My Godmother, a wonderful and caring lady who raised thousands of pounds for hospitals in Leicester during her life, endured a lack of care and interest in her suffering in one of those hospitals before she died. The situation for older people in the NHS system is bordering on the appalling in many cases and it is time something was done about it.
D. Dixon, Glenrothes, Scotland
I am a district nurse working in Rowley Regis and I totally disagree. We district nurses work very hard to ensure patients who want to die at home have every bit of support to enable them to have a dignified death and fully support the family. We work closely with the GPs who also work hard to deliver the same standards of care.
Sara, Tipton, West Midlands
My father in law died in December 2004, we were with him for his last hours in the corner of a standard hospital ward with 5 other patients around. The curtains were drawn round us and we were left with him. The patient in the next bed was snoring loudly and disturbed us all night. I had to ask for water for him to moisten his lips. There was no privacy for his wife and family and no dignity for him.

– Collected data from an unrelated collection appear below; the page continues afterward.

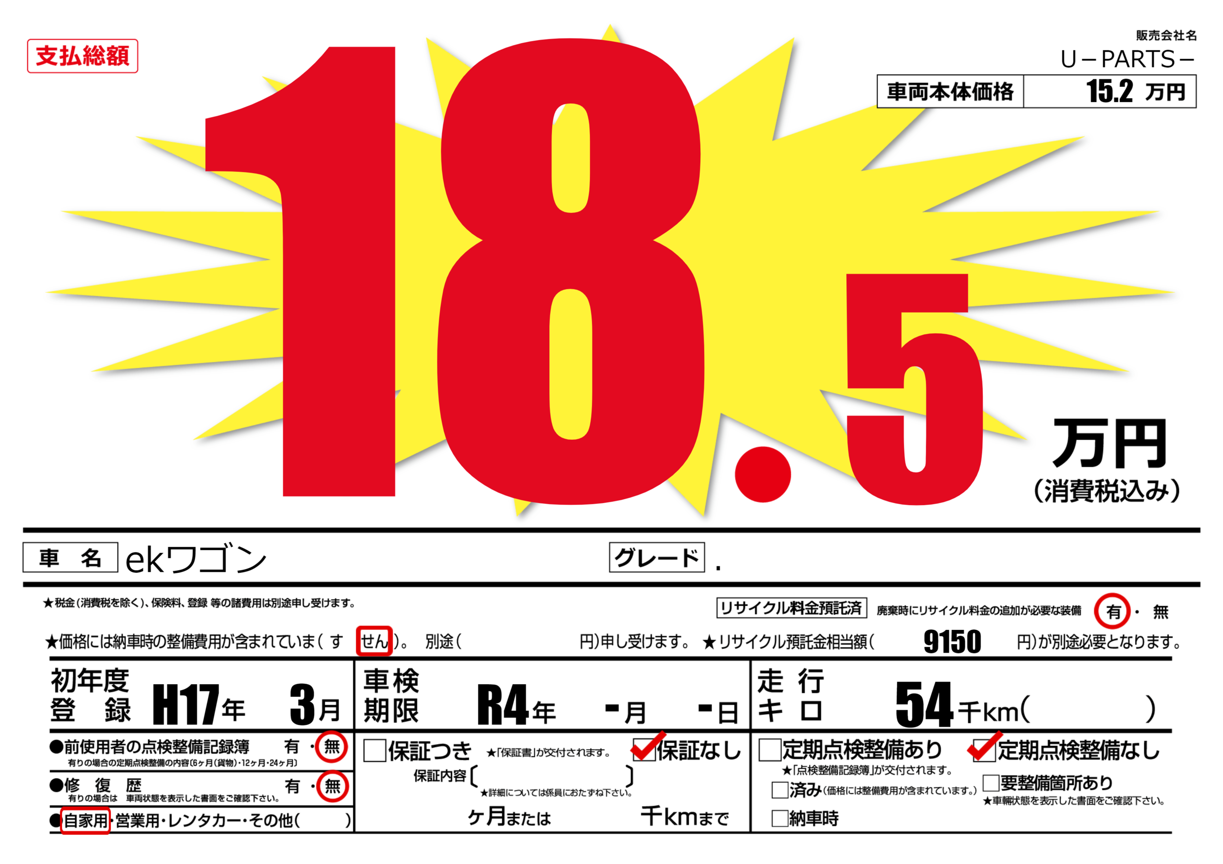 | 車名 | ekワゴン | グレード ミッション 排気量 |
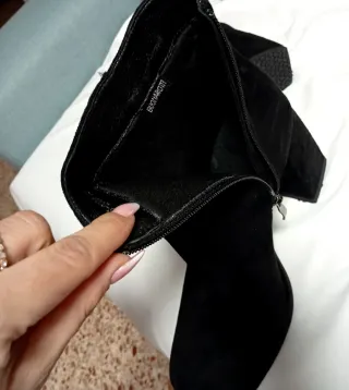 Botines de serraje con tacón alto. Utilizados solo en una cena Yo uso 39, pero ese modelo me venía mejor el 40, osea que talla como un 39 - Material exterior: serraje. - Color: negro. - Talla: 40.
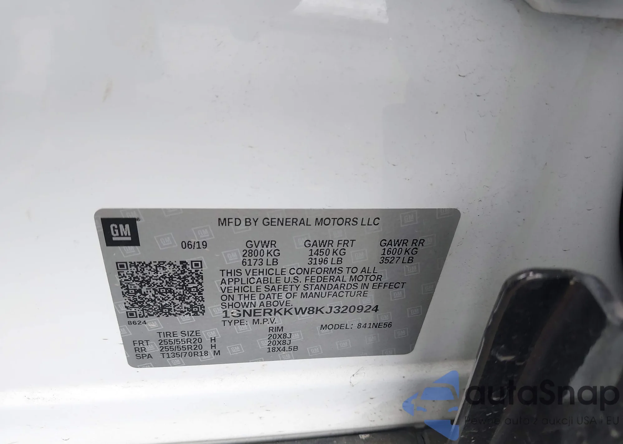 LOT: 43300658 VIN: 1GNERKKW8KJ320924
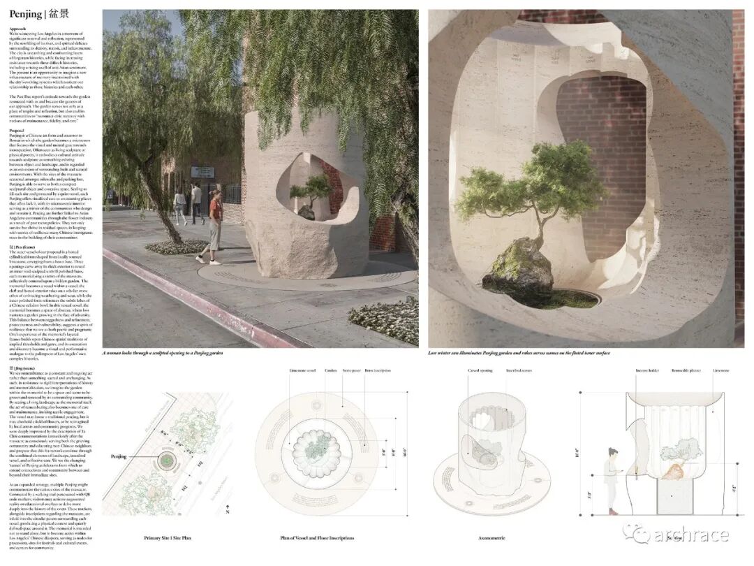 这项提案以盆景为核心概念,盆景是中国传统的一种艺术形式。在盆景中,花园景观成为了一个缩影。它的焦点在于对内省的视觉和心理凝视。纪念碑被想象成一个活生生的雕塑,体现了一种文化态度,将雕塑视为存在于物体和景观之间的东西。每个盆景都为不起眼的地方提供仪式化的关怀,微观内部反映了设计和维护它的社区。这样做的目的是反映许多中国移民在社区建设中所追寻的坚韧不屈的故事。
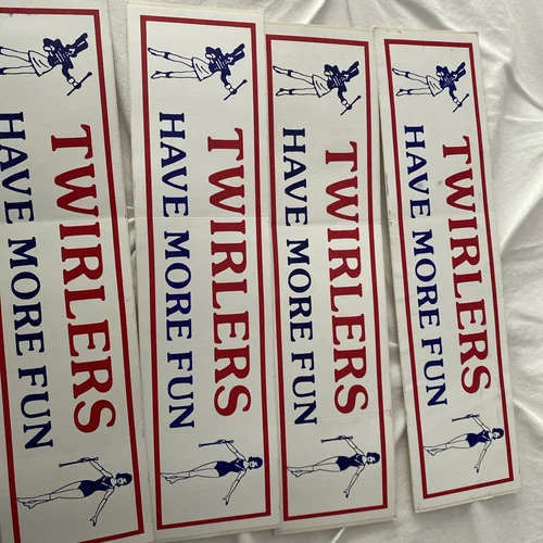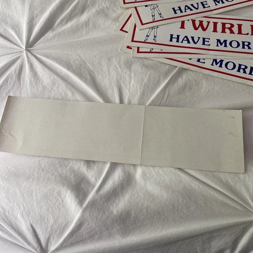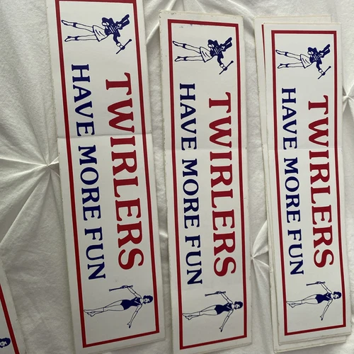 Add a touch of nostalgia to your collection with these Vintage Baton Twirling Bumper Stickers from the 1990s. Each sticker measures 11.5” by 3” and features a classic white design that captures the spirit of the era. Perfect for baton twirling enthusiasts or collectors of unique decals and stickers, these bumper stickers boast a timeless charm. Whether you're a fan of vintage collectibles or looking to enhance your vehicle's personality, these baton twirling bumper stickers tell a story of individuality and style. They're not just stickers; they're a piece of history from the mid-90s, ready to be displayed with pride on your favorite ride. Stickers are new in that they have never been peeled and stuck to any surface. Given their age, there is wear on the surface and around the edges. See photos to review condition. There are 8 stickers in total.
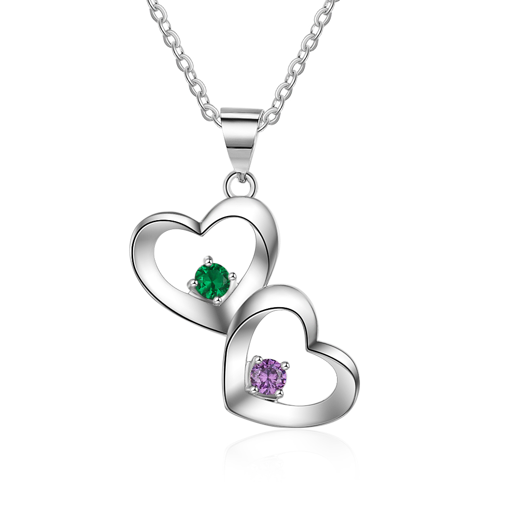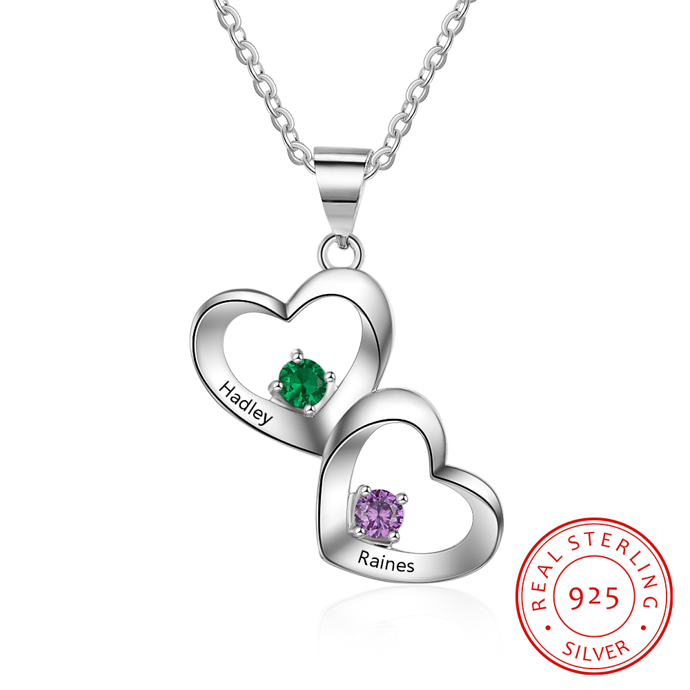 Celebrate the love of a lifetime with our 2 Hearts Forever One Necklace – 925 Sterling Silver. Wonderful for a 2 children’s names as well, this exquisite piece features 2 inscriptions, along with a duo of birthstones for just the right touch of sparkle. However you style it, it’s sure to be a favorite! This beautiful birthstone necklace is made with 925 Sterling Silver, and comes complete with a chain to match

The stories outlined in this report highlight the total lack of respect that older people receive from some statutory services. More often than not an older person is known by "their disease" and not as a citizen. To be able to live with dignity is taken as a core belief by us as a society yet paradoxically an older person is not allowed the chance to end their time with the same consideration.

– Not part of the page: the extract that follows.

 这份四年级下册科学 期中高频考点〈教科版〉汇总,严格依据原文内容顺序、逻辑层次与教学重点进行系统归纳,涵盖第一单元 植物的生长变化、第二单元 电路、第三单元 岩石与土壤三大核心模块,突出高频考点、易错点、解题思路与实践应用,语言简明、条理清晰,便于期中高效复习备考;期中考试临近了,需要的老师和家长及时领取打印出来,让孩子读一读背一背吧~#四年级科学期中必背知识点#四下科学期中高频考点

Andrew Booth, Southport, Merseyside
It is natural that younger people who die untimely deaths should attract the major share of public sympathy. However, we need far more palliative care nurses, who should be rewarded with more public recognition for their skills. These nurses will need to accept the premise outlined in advance decisions, that at some stage in an old person's life, enough is enough. Most carers, and many nurses, do not want to deal with this concept, and do not choose to work with elderly patients who will not recover.

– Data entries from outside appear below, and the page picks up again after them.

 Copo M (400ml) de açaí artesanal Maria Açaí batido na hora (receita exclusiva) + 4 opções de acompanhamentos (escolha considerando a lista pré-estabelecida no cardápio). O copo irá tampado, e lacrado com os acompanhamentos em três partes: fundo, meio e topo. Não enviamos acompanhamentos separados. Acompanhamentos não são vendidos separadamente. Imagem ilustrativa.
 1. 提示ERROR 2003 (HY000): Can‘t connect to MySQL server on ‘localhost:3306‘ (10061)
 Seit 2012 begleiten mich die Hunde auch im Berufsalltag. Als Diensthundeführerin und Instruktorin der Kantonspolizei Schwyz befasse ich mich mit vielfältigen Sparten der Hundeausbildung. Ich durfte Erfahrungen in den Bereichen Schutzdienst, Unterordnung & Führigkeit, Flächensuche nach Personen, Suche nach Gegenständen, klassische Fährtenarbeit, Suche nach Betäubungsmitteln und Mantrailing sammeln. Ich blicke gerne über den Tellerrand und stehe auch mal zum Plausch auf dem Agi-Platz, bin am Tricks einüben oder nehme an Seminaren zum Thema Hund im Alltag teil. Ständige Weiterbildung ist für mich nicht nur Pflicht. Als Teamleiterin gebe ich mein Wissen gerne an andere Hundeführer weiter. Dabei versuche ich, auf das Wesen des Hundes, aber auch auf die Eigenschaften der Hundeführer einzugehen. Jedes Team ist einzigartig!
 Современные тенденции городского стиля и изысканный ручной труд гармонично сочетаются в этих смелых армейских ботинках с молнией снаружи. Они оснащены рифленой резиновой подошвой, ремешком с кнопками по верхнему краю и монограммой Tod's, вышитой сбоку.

Sarah, former carer, High Wycombe, UK
My mother who died recently of old age, suffered from multiple health conditions and received little help from her GP or local authority. Emergency help was there when she fell outside the home but was not followed through despite my frequent requests for help. I was not able to be a personal carer for my mother as we live some distance away, she in West Bromwich and me in North Wales. As the only relatives my husband and I tried endlessly to get extra help for her but not until the last weeks of her life was she given respite care only to be sent home to die after the respite came to an end.
Jennifer Taylor, Ewloe, Flintshire, Wales
My husband, aged 72, died of secondary liver cancer last July. He had expressed a wish NOT to die at home, and that was also the wish of myself and my daughter. My local hospital put immense pressure on me to take my husband home for the last few weeks of his life with a promise that they would re-admit him for the final few days. The doctor from the local hospice visited him in hospital and declared that my husband 'wasn't ill enough' to go to the hospice, and the condition of the patients in the hospice would only depress him further. My GP was marvellous, as were the district nurses, the twilight district nurses, and the night care team, but it did mean that I had people coming to the house every 4 hours for the last couple of weeks - it was impossible for me to sleep or have any kind of a break. The issue of palliative care in this country MUST be addressed and given priority. I am considerably younger than my husband was (I am 46), and I dread to think how older carers cope with this constant shuttling back and forth.
Carol, East Kilbride, Scotland
We need more staff, not necessarily better trained staff. A highly trained member of staff can only do as much as their time allows and because of this are forced to make 'time decisions'.